- [Work request]:
Every line from the one containing "fluidity is 240 mm." to the one containing "БАКУ/Trend/ - Государственная" in the records below, both included, must be set down exactly, and no other line.
---------- Dataset content ----------
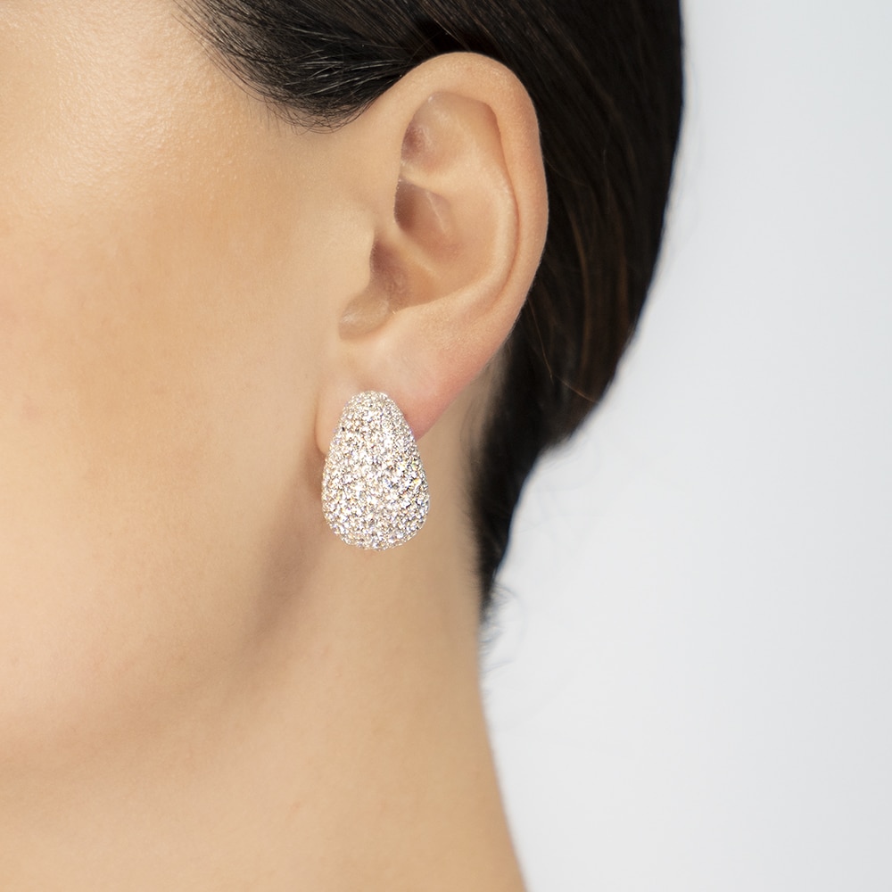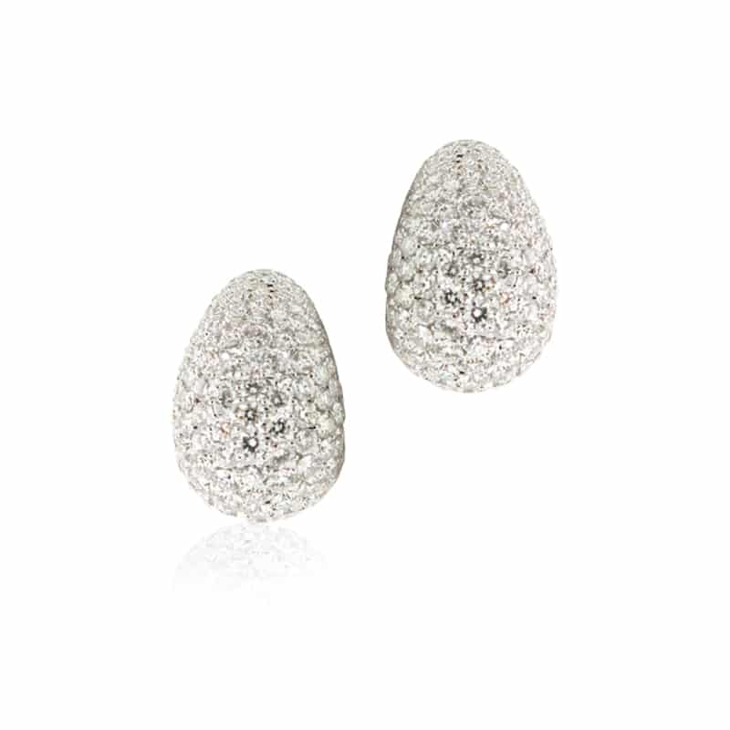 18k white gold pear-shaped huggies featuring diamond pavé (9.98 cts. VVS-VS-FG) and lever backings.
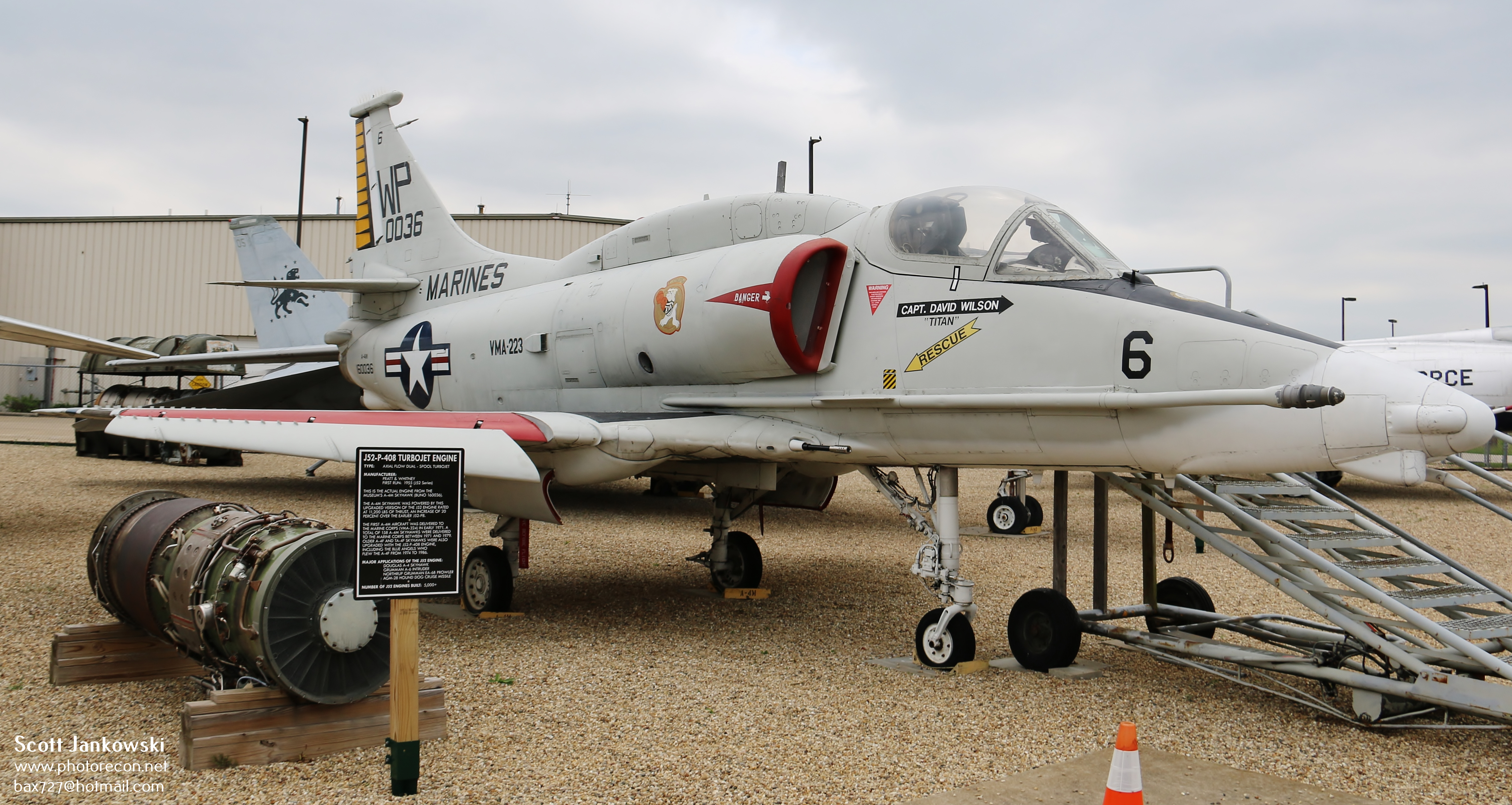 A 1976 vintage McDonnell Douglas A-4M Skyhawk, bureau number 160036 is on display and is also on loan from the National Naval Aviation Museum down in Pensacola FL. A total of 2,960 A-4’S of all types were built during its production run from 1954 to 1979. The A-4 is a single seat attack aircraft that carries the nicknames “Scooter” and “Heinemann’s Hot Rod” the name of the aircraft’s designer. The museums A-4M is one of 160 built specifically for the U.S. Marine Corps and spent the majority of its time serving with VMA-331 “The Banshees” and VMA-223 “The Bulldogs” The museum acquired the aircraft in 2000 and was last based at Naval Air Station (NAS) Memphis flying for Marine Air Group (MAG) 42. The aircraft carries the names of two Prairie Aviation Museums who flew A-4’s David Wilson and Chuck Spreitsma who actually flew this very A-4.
----------
---------- Dataset content ----------
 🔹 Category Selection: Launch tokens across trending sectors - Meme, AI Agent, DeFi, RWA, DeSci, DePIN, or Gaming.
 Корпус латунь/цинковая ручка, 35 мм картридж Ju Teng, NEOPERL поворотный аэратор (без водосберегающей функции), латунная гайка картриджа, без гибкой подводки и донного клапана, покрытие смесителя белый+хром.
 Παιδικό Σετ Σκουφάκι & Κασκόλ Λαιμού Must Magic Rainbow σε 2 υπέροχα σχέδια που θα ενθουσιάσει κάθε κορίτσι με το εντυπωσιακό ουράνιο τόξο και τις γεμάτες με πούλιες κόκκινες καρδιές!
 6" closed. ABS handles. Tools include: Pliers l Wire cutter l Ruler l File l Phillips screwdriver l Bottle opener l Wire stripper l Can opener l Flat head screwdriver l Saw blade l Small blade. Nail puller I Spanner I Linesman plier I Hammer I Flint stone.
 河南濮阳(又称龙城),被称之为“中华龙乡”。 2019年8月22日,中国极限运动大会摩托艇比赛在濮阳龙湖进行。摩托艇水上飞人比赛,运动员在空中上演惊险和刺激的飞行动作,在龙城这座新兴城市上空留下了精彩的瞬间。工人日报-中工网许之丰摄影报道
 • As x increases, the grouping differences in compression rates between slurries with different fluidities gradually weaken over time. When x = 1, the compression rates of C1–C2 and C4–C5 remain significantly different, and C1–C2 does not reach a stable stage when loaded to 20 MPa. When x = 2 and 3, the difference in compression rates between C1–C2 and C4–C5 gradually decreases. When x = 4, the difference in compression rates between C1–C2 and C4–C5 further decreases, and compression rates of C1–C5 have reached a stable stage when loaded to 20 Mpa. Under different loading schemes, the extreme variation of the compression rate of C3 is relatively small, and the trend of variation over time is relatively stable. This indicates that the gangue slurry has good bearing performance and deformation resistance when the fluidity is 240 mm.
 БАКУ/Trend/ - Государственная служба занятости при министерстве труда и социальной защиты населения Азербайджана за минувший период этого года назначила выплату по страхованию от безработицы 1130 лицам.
----------
- [Answer for the task]:
 • As x increases, the grouping differences in compression rates between slurries with different fluidities gradually weaken over time. When x = 1, the compression rates of C1–C2 and C4–C5 remain significantly different, and C1–C2 does not reach a stable stage when loaded to 20 MPa. When x = 2 and 3, the difference in compression rates between C1–C2 and C4–C5 gradually decreases. When x = 4, the difference in compression rates between C1–C2 and C4–C5 further decreases, and compression rates of C1–C5 have reached a stable stage when loaded to 20 Mpa. Under different loading schemes, the extreme variation of the compression rate of C3 is relatively small, and the trend of variation over time is relatively stable. This indicates that the gangue slurry has good bearing performance and deformation resistance when the fluidity is 240 mm.
 БАКУ/Trend/ - Государственная служба занятости при министерстве труда и социальной защиты населения Азербайджана за минувший период этого года назначила выплату по страхованию от безработицы 1130 лицам.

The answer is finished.